TASK INSTRUCTIONS: From the data below, set down exactly the lines between the one holding "Piogge e temporali" and the one holding "Von April an", inclusive, and no others.

PROVIDED RECORDS:
• • • • • • •

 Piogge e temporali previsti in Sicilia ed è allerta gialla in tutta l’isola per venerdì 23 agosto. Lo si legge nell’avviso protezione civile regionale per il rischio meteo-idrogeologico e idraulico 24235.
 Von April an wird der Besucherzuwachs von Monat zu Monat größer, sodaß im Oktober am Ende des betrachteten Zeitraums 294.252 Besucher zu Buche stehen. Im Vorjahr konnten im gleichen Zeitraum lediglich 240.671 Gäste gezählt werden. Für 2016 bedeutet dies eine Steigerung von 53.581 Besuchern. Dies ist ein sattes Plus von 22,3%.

• • • • • • •

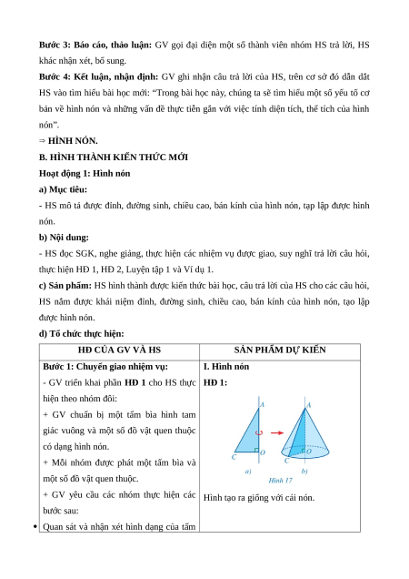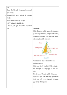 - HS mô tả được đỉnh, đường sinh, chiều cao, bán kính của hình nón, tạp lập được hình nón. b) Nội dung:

• • • • • • •

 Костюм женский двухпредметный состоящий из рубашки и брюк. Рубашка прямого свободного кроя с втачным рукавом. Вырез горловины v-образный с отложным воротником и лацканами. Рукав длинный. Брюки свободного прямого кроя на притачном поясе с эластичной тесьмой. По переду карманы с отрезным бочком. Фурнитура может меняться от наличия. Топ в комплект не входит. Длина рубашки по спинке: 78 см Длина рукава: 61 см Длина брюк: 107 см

• • • • • • •

EXERCISE ANSWER:
 Piogge e temporali previsti in Sicilia ed è allerta gialla in tutta l’isola per venerdì 23 agosto. Lo si legge nell’avviso protezione civile regionale per il rischio meteo-idrogeologico e idraulico 24235.
 Von April an wird der Besucherzuwachs von Monat zu Monat größer, sodaß im Oktober am Ende des betrachteten Zeitraums 294.252 Besucher zu Buche stehen. Im Vorjahr konnten im gleichen Zeitraum lediglich 240.671 Gäste gezählt werden. Für 2016 bedeutet dies eine Steigerung von 53.581 Besuchern. Dies ist ein sattes Plus von 22,3%.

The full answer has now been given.